● Task to carry out
Beginning with the line containing "Piżama damska z", write out each line exactly through the end of the listing, and skip all pictures.

● Supplied data
--*--

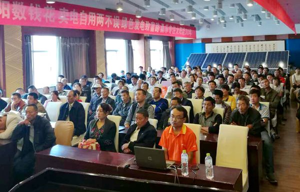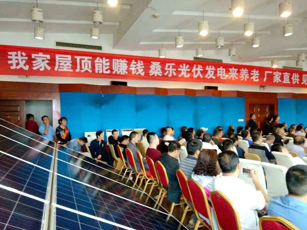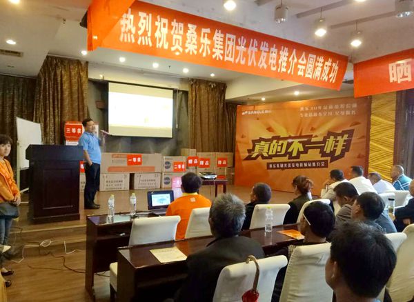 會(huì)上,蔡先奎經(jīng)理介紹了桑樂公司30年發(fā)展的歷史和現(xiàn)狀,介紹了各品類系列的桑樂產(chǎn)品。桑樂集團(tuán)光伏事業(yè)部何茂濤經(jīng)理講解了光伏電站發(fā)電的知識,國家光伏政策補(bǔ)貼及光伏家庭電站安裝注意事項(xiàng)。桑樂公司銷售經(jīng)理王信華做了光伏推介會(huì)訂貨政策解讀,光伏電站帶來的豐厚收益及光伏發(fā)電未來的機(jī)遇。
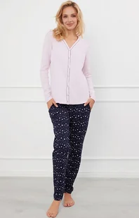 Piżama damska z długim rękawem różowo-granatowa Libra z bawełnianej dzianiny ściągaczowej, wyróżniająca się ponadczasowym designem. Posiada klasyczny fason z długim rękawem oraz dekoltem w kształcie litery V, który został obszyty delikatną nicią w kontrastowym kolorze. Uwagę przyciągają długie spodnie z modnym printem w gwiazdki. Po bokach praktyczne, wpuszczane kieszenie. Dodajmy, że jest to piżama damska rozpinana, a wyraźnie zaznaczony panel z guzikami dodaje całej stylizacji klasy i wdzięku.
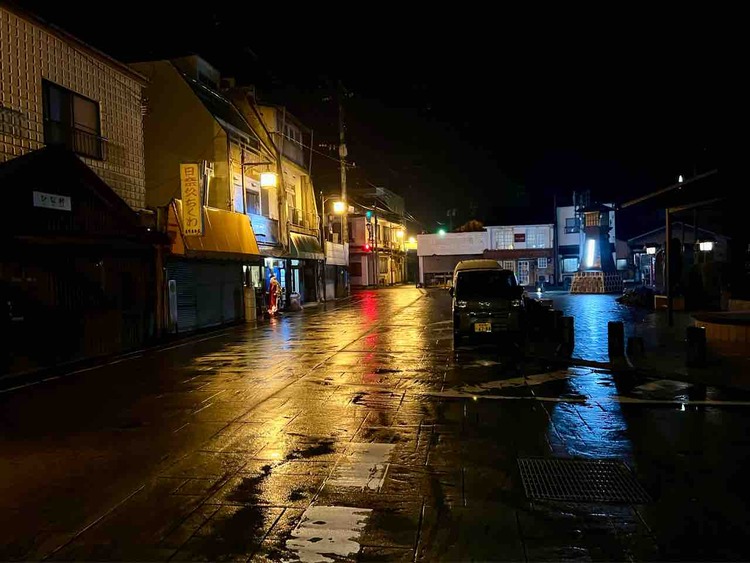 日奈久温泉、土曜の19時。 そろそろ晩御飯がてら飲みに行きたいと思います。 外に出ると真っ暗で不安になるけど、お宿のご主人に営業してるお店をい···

--*--

● Result of this task
 Piżama damska z długim rękawem różowo-granatowa Libra z bawełnianej dzianiny ściągaczowej, wyróżniająca się ponadczasowym designem. Posiada klasyczny fason z długim rękawem oraz dekoltem w kształcie litery V, który został obszyty delikatną nicią w kontrastowym kolorze. Uwagę przyciągają długie spodnie z modnym printem w gwiazdki. Po bokach praktyczne, wpuszczane kieszenie. Dodajmy, że jest to piżama damska rozpinana, a wyraźnie zaznaczony panel z guzikami dodaje całej stylizacji klasy i wdzięku.
 日奈久温泉、土曜の19時。 そろそろ晩御飯がてら飲みに行きたいと思います。 外に出ると真っ暗で不安になるけど、お宿のご主人に営業してるお店をい···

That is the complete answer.